Francia. Il Consiglio di Stato riabilita il burkini. Le proteste del sindaco

burkini

I “burkini“, i costumi da bagno che coprono completamente il corpo delle donne di fede musulmana sono stati riabilitati dal Consiglio di Stato Francese con una sentenza che farà senz’altro discutere soprattutto viste le precedenti dichiarazioni del premier francese Valls  e le posizioni prese anche in Italia. Insomma nel Paese della Liberté, Égalité e Fraternité si fa un passo indietro (o avanti, a seconda dei punti di vista).

Il Consiglio di Stato francese si è pronunciato contro il provvedimento anti-burkini. A quanto si apprende la sentenza sospende il divieto di indossare il burkini nel comune di Villeneuve-Loubet e ha definito il divieto una violazione alle libertà fondamentali.
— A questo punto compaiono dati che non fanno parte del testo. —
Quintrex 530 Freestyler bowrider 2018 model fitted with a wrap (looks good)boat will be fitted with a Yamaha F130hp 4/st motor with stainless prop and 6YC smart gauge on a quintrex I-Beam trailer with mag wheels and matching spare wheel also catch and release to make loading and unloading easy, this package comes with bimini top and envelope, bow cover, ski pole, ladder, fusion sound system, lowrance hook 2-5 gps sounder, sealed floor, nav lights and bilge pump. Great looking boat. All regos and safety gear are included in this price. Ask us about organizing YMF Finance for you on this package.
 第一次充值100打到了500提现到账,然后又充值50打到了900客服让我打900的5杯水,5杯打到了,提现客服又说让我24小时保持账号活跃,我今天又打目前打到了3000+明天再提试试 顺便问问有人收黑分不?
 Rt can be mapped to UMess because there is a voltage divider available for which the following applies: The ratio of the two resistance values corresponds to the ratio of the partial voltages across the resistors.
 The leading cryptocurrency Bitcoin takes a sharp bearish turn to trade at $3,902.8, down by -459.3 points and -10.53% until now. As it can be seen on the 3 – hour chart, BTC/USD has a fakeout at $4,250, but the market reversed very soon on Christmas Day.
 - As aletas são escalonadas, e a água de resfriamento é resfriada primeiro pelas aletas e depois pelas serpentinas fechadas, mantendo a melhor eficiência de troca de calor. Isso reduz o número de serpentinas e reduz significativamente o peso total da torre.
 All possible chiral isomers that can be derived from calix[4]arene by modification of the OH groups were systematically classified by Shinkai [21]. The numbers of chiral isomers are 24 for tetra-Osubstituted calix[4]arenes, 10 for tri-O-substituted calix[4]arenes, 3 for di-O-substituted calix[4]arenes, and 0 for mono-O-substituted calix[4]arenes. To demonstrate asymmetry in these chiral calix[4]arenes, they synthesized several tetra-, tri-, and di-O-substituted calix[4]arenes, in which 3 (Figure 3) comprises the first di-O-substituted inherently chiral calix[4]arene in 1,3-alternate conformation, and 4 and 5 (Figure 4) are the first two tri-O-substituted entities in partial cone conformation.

E forse non ci voleva certo una sentenza, sia pur autorevole, per capire che in un Paese liberale come la Francia dove si ammette spesso il topless, negare ad un essere umano la libertà di vestirsi come gli pare sia pure con il volto scoperto, è qualcosa che collide con i principi fondamentali di libertà che i nostri padri hanno conquistato anche a caro prezzo.

La sentenza: “A Villeneuve-Loubet, non vi è nessun elemento tale da far ritenere che siano risultati rischi per l’ordine pubblico dalla tenuta adottata da alcune persone per fare il bagno – scrive la massima istanza della giustizia amministrativa francese – in assenza di tali rischi, il sindaco non poteva prendere misure per impedire l’accesso alla spiaggia e il bagno”. “Il sindaco – ricorda il Consiglio di Stato – deve conciliare la sua missione di mantenimento dell’ordine nel comune con il rispetto delle libertà garantite dalla legge”.

Poche ore prima della sentenza la Lega francese per i diritti umani aveva presentato ricorso contro il divieto stabilito dal comune, uno dei primi fra i circa 30 municipi francesi che hanno vietato il burkini.

La sentenza ha scatenato la protesta del sindaco di centrodestra della cittadina francese di Villeneuve-Loubet. Il primo cittadino e deputato Lionel Luca si sarebbe rifiutato di ritirare il provvedimento di divieto dell’uso del burkini in spiaggia. L’onorevole sindaco ha inoltre anticipato che il suo gruppo parlamentare, Les Républicains, presenterà presto in parlamento una proposta di legge anti-burkini.

I comuni che applicano il divieto anti burkini – Sono una trentina i comuni francesi della Costa Azzurra, fra cui Cannes e Nizza, che hanno adottato ordinanze per vietare alle bagnanti di indossare burkini o tenute coprenti legate a motivi religiosi dopo il tragico attentato del 14 luglio sulla Promenade des Anglais a Nizza.